CannaBus Culture Film Festival Headed For Miami, Seattle and Portland

The fourth annual CannaBus Culture Film Festival is hitting the road this fall, with the first stop in Miami. It makes the first time the festival has made a stop in Florida.

The film festival features three feature-length films and many short films, many of them documentaries about cannabis culture in America. The goal is to screen movies across many different genres that will “elevate and educate the community through fictional narratives and educational documentaries,” according to the festival website.

The festival also offers awards for filmmakers. They include an award for Best Feature Film, Best Short Film, Audience Choice Award, Best Actor and Best Director.

If you can’t make it to Miami for the Sept. 28 festival, no worries. The CannaBus Culture Film Festival is moving on to Seattle and Portland later this fall.

Why A Cannabis Culture Film Festival?

Tim Mattson, director of the CannaBus Culture Film Festival, told Miami New Times that the festival is “trying to show the positive aspects of the [cannabis] culture through the films we present.”

He added that the festival’s mission is to “enlighten and educate people about what the cannabis community can be or what it actually is.”

The film festival started in 2016 in New York City. In 2017 and 2018, it traveled to Colorado and Vermont.

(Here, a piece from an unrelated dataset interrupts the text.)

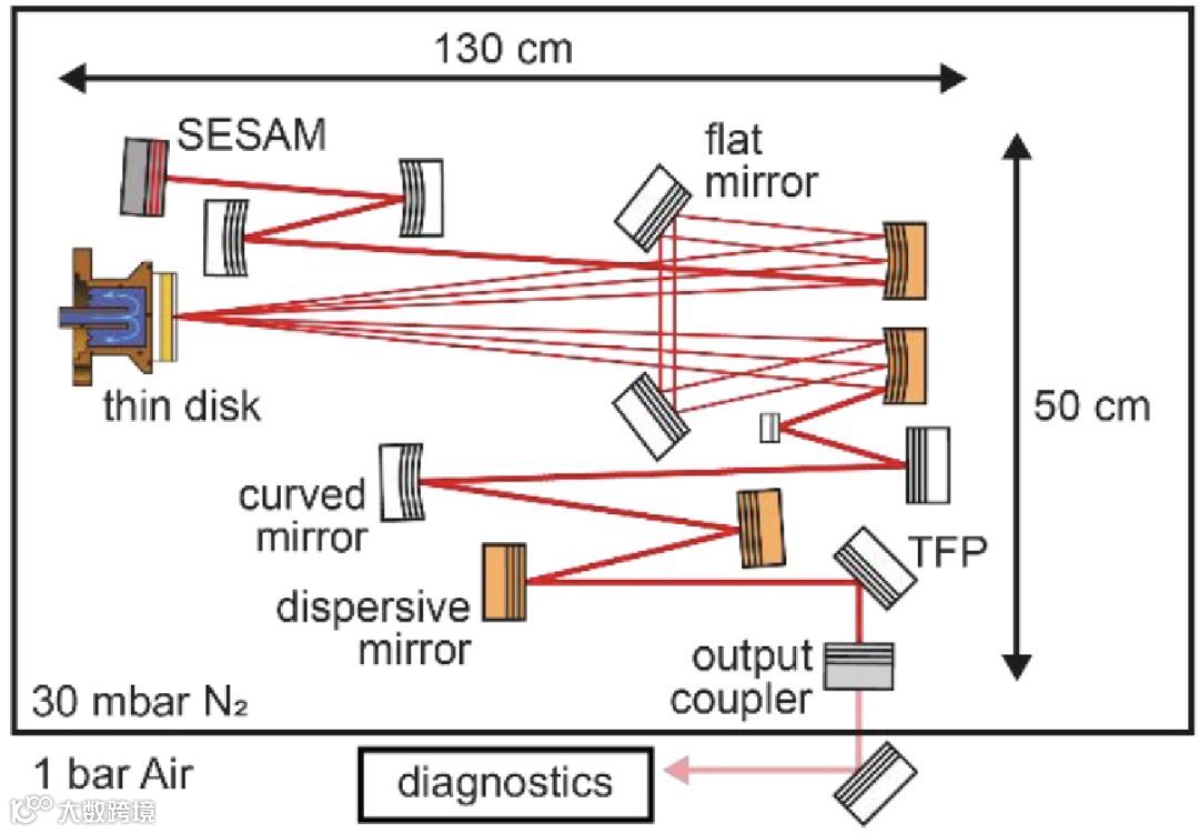 超快碟片振荡器原理图,密封确保激光腔内的低压环境

Films at the Cannabis Festival

The festival features three full-length films. They are:

“The Blueberry Farmer.” A documentary about Bernie Ellis, who was arrested for growing medical marijuana at Trace View Farm along the Natchez Trace in Tennessee. Ellis, an epidemiologist, was using cannabis to treat himself and his patients who had cancer and AIDS. He has been described as “Tennessee’s favorite felon.”

“Unprescribed.” A documentary that focuses on how veterans are trading in prescription drugs for cannabis. The film was made by producer, director, and military veteran Steve Ellmore. On the web page for the film, Ellmore describes the documentary as a “self-funded, passion project conceived after learning the benefits of medical marijuana. As a military veteran and suicide survivor, I took it upon myself to share the stories of veterans who are all too hesitant to speak to others outside of the veteran community about their PTSD and war-related traumas.”

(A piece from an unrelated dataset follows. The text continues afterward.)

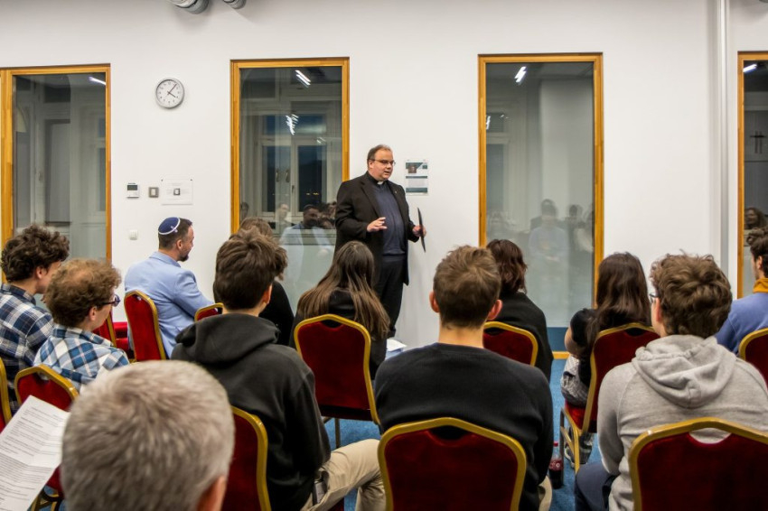 Zsódi Viktor piarista tartományfőnök beszédében a vallásközi kapcsolódások jelentőségét hangsúlyozta, és összefoglalta a zsidó–katolikus párbeszéd alakulását az elmúlt évtizedekben és a jelenben, Ferenc pápa egyházkormányzása idején.

Wall of Flesh: A Vintage Comedy.” A feature film this is a slapstick comedy that advertises itself as “finally, a movie about a middle-aged white man getting the band back together.” It also features sex, drugs and “deep soul jazz.”

The festival also features 22 short films.

The CannaBus Culture Film Festival is yet another example of how cannabis is moving more into the mainstream, or at least the acceptable alternative edges of the mainstream. That’s true even in places where marijuana is not legal for recreational purposes, such as Miami.